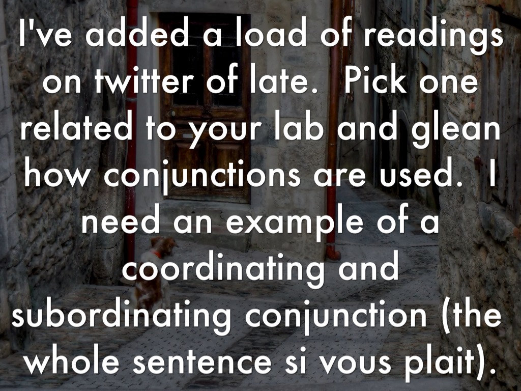 I've added a load of readings on twitter of late. Pick one related to your lab and glean how conjunctions are used. I need an example of a coordinating and subordinating conjunction (the whole sentence si vous plait).
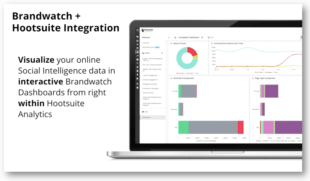 Unifying the power of Brandwatch and Hootsuite Analytics allows you to visualize your brand perception and gain insight on your social performance, your competitor actions and trends developing in your market – all within the Hootsuite dashboard.
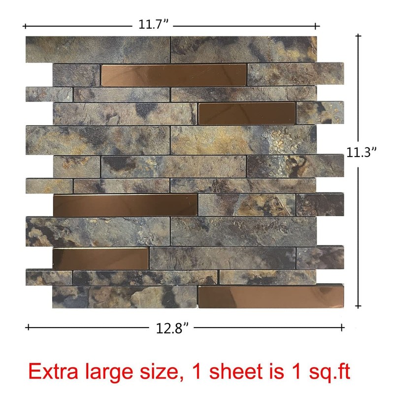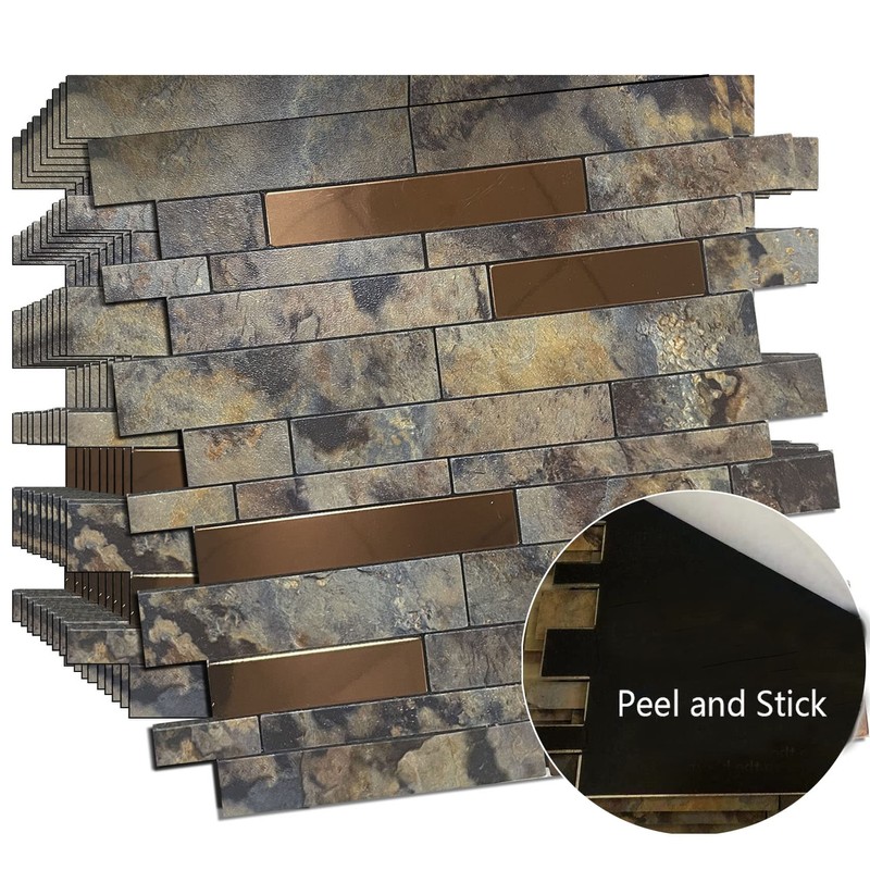 Weimeisc 10 Sheets Peel and Stick Backsplash Tile for Kitchen, Self-Adhesive Mosaic Tile, Stick on Bathroom Vanities,Fireplace Décor, Laundry Table(11.25" X 12.7") (Rusty Stone Pattern)
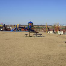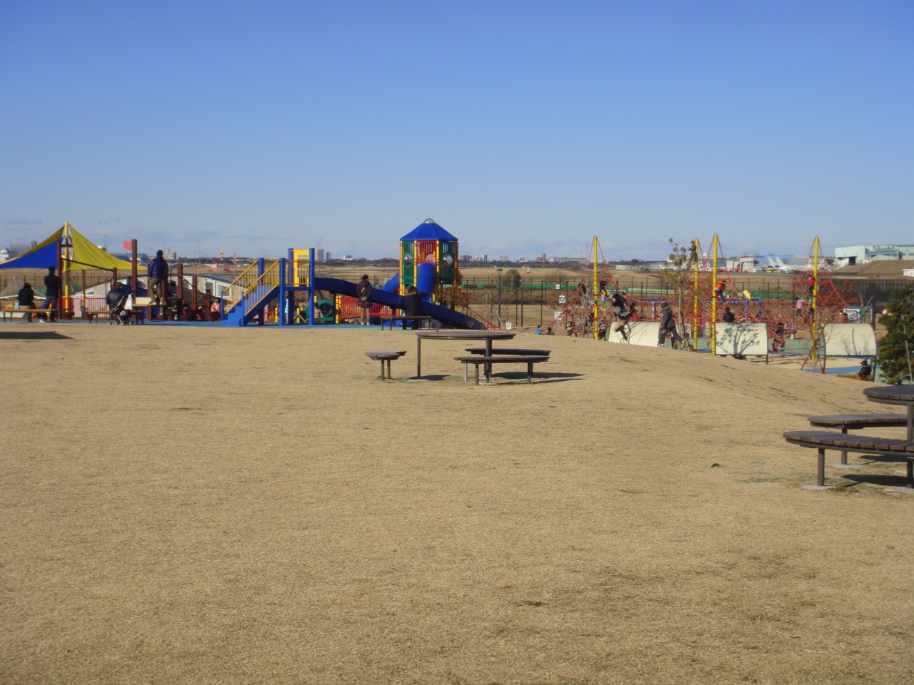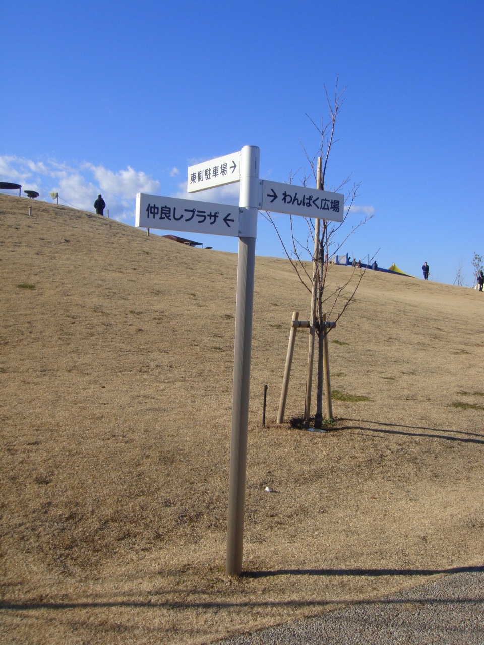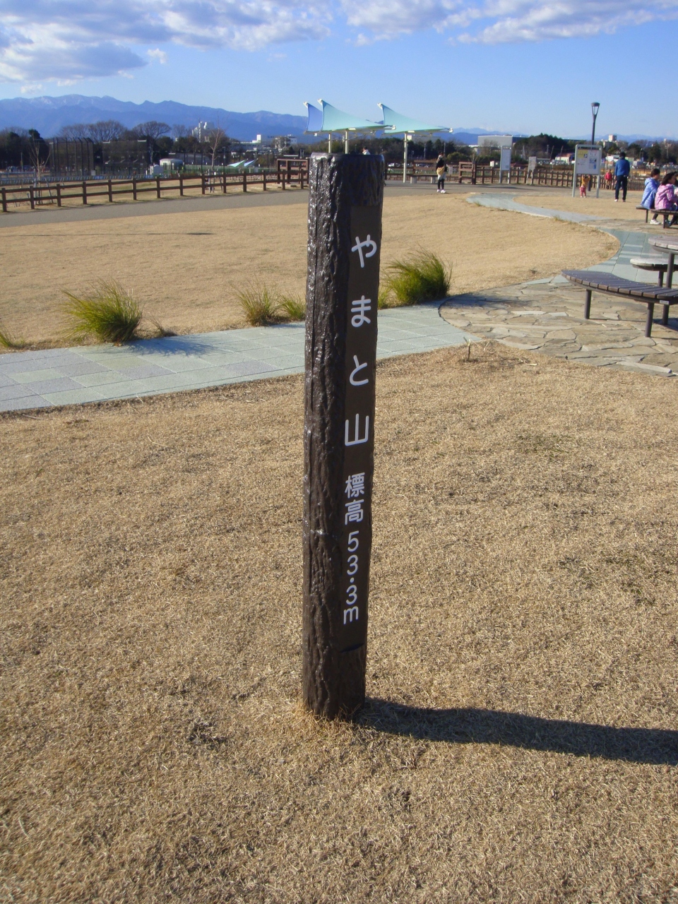 平成26年度完成を目指している厚木基地の南側に位置する公園です。現在は、「わんぱく広場・ピクニック広場」、「センター施設(ゆとりの森 仲良しプラザ)」、「芝生グラウンド」、「ふわふわドーム」などがオープンしています。飛行場の近くのため広々としており、高い建築物がないため、丹沢山系や富士山が良く見えます。小高い芝生の山頂には「やまと山53.3m」と書いてありました。
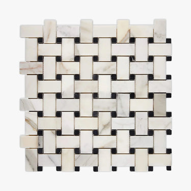 Order a Sample Get a sample of Calacatta Gold, Black Honed 1x2 Basketweave Marble Mosaic for only $5.00.
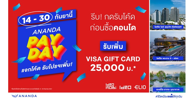 star_borderModal Upgrade PackageModal Upgrade Packageอนันดาฯ เร่งเครื่องต่อเนื่องกระตุ้นกำลังซื้อไตรมาส 3 ชี้โอกาสทองคนอยากมีบ้านและคอนโดพร้อมอยู่ ส่งโปรโมชั่น ANANDA PAY DAY แจกโค้ดรับโปรเพิ่ม VISA GIFT CARD สูงสุดมูลค่า 50,000 บ.*19 ก.ย. 2567 13:46 น.
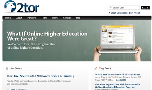 网络教育公司2tor是在2009年年初在美国纽约创建的,通过与各大高校建立伙伴关系,借助互联网建立、管理、推广在线网络教育。目前,2tor已与美国南加州大学的教育学院合作推出了MAT@USC,将在互联网上进行研究生教学。
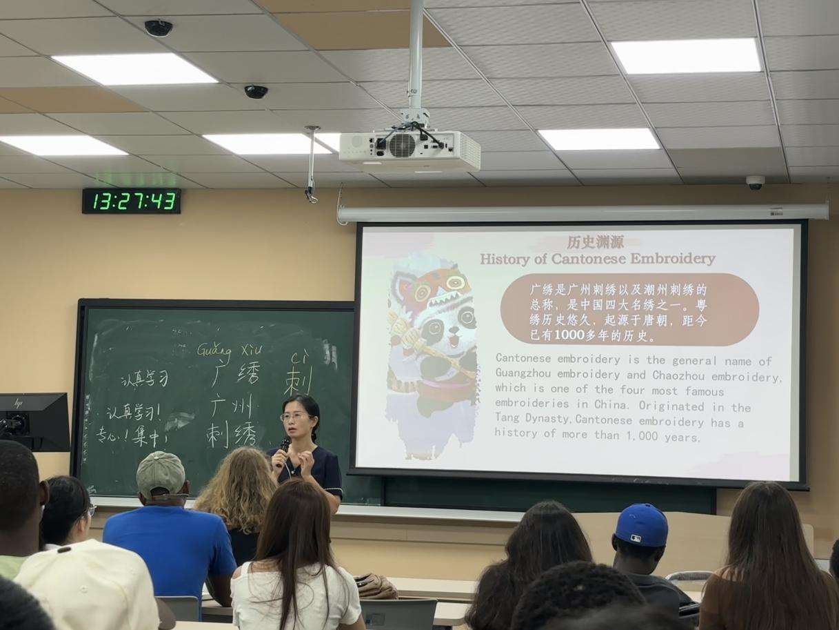 活动伊始,项目团负责人张艳教授通过中英双语课件,系统介绍了广绣作为国家级非物质文化遗产的历史脉络与艺术特征,并重点阐述了广绣书签在设计中所融入的全运会体育元素与广州地标文化符号,帮助中外员工理解活动主题与创作意图。
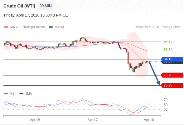 交易策略: 在 84.10 之下,看跌,目标价位为 78.70 ,然后为 75.20 。
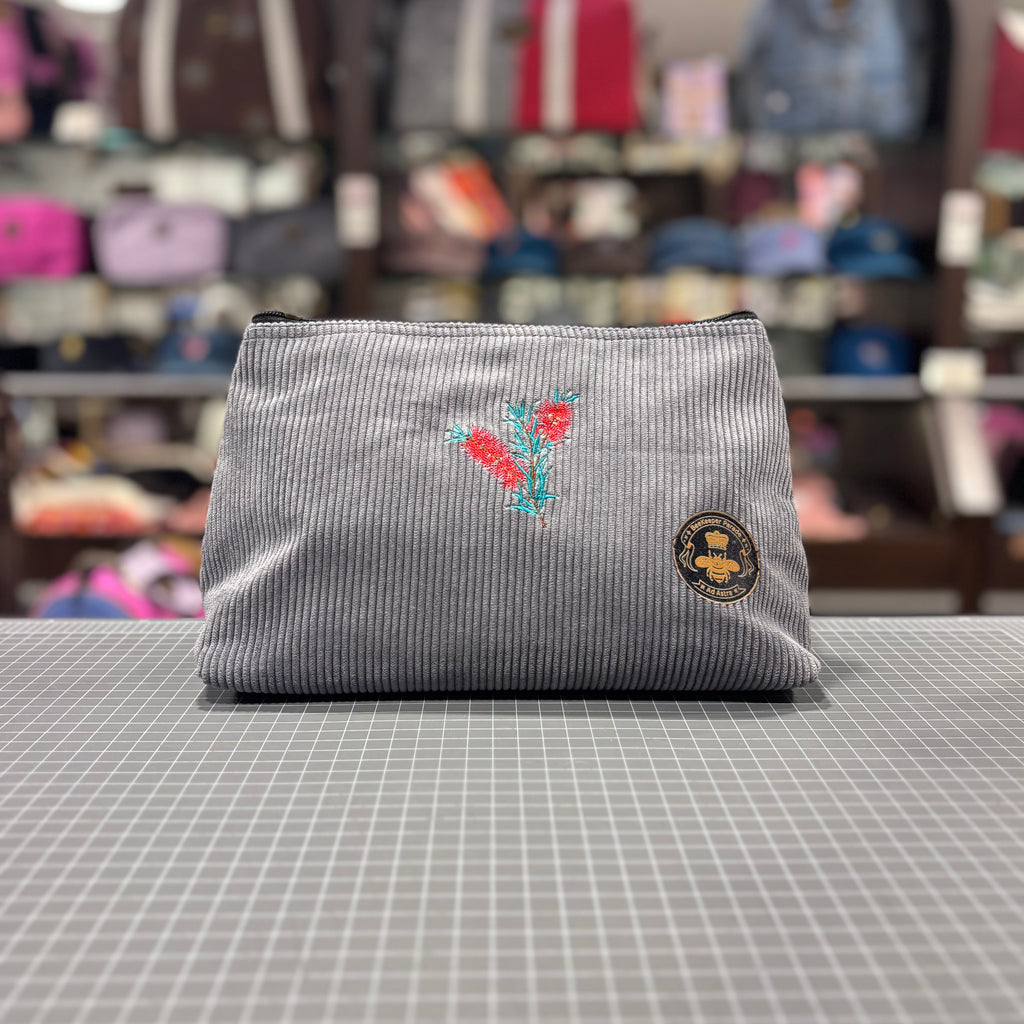 The Bottlebrush 🇦🇺🪡 on Gray Corduroy Large Toiletry + Makeup Bag
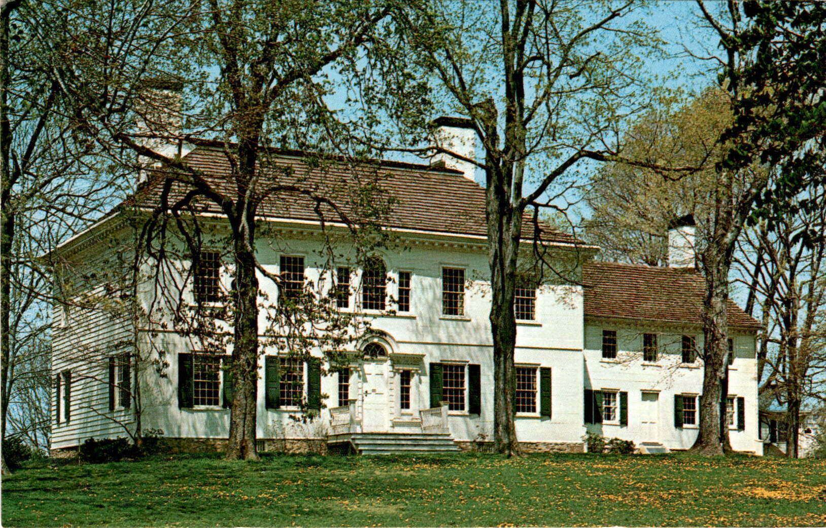 The postcard describes Washington’s Headquarters at Morristown National Historical Park in New Jersey, where General and Mrs. Washington lived from December 1779 to June 1780. The mansion was built in 1772-1774 by Col. Jacob Ford Jr. and now houses a historical museum with Revolutionary War artifacts.

□ □ □ □ □ □ □

Copy out exactly the lines from the one with "Weimeisc 10 Sheets" through the end of the listing, both ends included, omitting any picture.

 Weimeisc 10 Sheets Peel and Stick Backsplash Tile for Kitchen, Self-Adhesive Mosaic Tile, Stick on Bathroom Vanities,Fireplace Décor, Laundry Table(11.25" X 12.7") (Rusty Stone Pattern)
 平成26年度完成を目指している厚木基地の南側に位置する公園です。現在は、「わんぱく広場・ピクニック広場」、「センター施設(ゆとりの森 仲良しプラザ)」、「芝生グラウンド」、「ふわふわドーム」などがオープンしています。飛行場の近くのため広々としており、高い建築物がないため、丹沢山系や富士山が良く見えます。小高い芝生の山頂には「やまと山53.3m」と書いてありました。
 Order a Sample Get a sample of Calacatta Gold, Black Honed 1x2 Basketweave Marble Mosaic for only $5.00.
 star_borderModal Upgrade PackageModal Upgrade Packageอนันดาฯ เร่งเครื่องต่อเนื่องกระตุ้นกำลังซื้อไตรมาส 3 ชี้โอกาสทองคนอยากมีบ้านและคอนโดพร้อมอยู่ ส่งโปรโมชั่น ANANDA PAY DAY แจกโค้ดรับโปรเพิ่ม VISA GIFT CARD สูงสุดมูลค่า 50,000 บ.*19 ก.ย. 2567 13:46 น.
 网络教育公司2tor是在2009年年初在美国纽约创建的,通过与各大高校建立伙伴关系,借助互联网建立、管理、推广在线网络教育。目前,2tor已与美国南加州大学的教育学院合作推出了MAT@USC,将在互联网上进行研究生教学。
 活动伊始,项目团负责人张艳教授通过中英双语课件,系统介绍了广绣作为国家级非物质文化遗产的历史脉络与艺术特征,并重点阐述了广绣书签在设计中所融入的全运会体育元素与广州地标文化符号,帮助中外员工理解活动主题与创作意图。
 交易策略: 在 84.10 之下,看跌,目标价位为 78.70 ,然后为 75.20 。
 The Bottlebrush 🇦🇺🪡 on Gray Corduroy Large Toiletry + Makeup Bag
 The postcard describes Washington’s Headquarters at Morristown National Historical Park in New Jersey, where General and Mrs. Washington lived from December 1779 to June 1780. The mansion was built in 1772-1774 by Col. Jacob Ford Jr. and now houses a historical museum with Revolutionary War artifacts.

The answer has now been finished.